Wickes CMO Gary Kibble on the virtues of a ‘no regrets mentality’

In his nearly three years at Wickes, Kibble feels most proud of shining a “high beam spotlight on the customer”. The minute a business starts to focus on the customer, he believes people begin to act and think differently.

“We’ve brought the customer to life and any business that does that for me is going to be successful. It’s not rocket science, just bring the customer into your business,” he advises.

From a financial perspective, the investment in machine learning and segmentation is clear. Wickes generated more than £7m in incremental revenue within six months of implementing the Mission Motivation Engine.

CEO David Wood sees the engine as a “differentiating IP and a strategic growth lever”. The AI-powered model has been part of the brand’s investor pack since it was introduced and Wood is frequently asked for updates on its progress by analysts, describing it as “real catalyst” for growth.

Kibble appreciates the fact Wood is an ex-marketer, who served as CMO at Tesco, marketing director at Mondelez and within the marketing function at Unilever.

“We speak the same language. We just get each other and you can see the value that brings,” says Kibble. “That isn’t always true with other CEOs I’ve worked with who maybe had more of a CFO background. He understands the role marketing plays around the top table.”

With backing at the highest level for the AI-powered strategy to continue, the Wickes marketing boss believes his team are only “in the foothills” when it comes to commercial and customer outcomes, as well as the ability to scale.

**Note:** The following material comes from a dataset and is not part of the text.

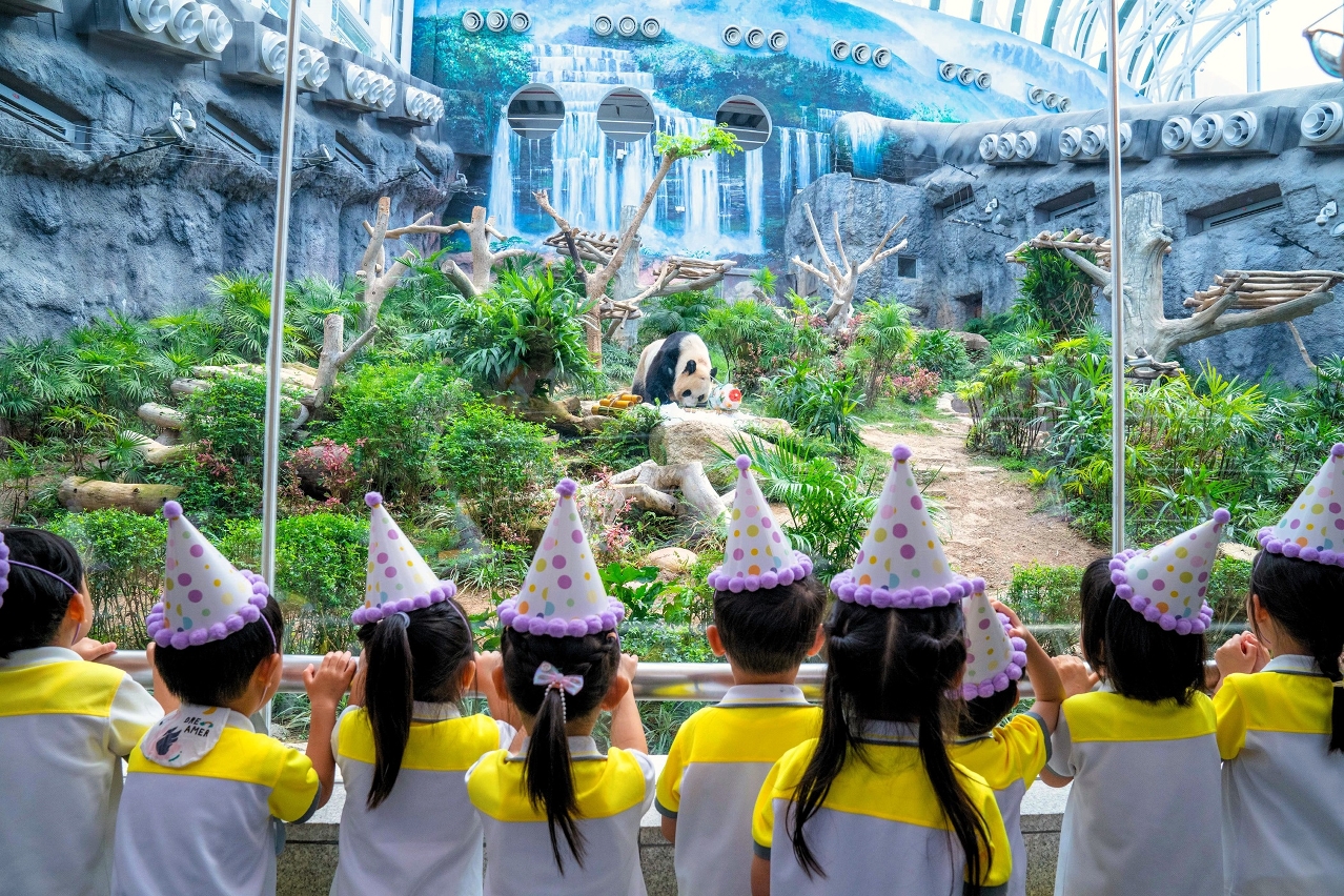 市政署于六月二十六日为大熊猫“健健”、“康康”举办九岁生日会,更邀请学校师生参加庆祝,为大熊猫兄弟送上暖暖的祝福。

There are multiple Mission Motivation Engine programmes set against Wickes’ trade, DIY and showroom businesses – the latter relating to installed kitchens and bathrooms. Kibble estimates the team are just 30% of the way through these programmes, on average.

“Therefore, we’ve got 70% of the programme still to come,” he explains. “We think this will give us a material competitive advantage from a commercial and customer perspective. The £7m [incremental revenue] is tip of the iceberg stuff, which is exciting.”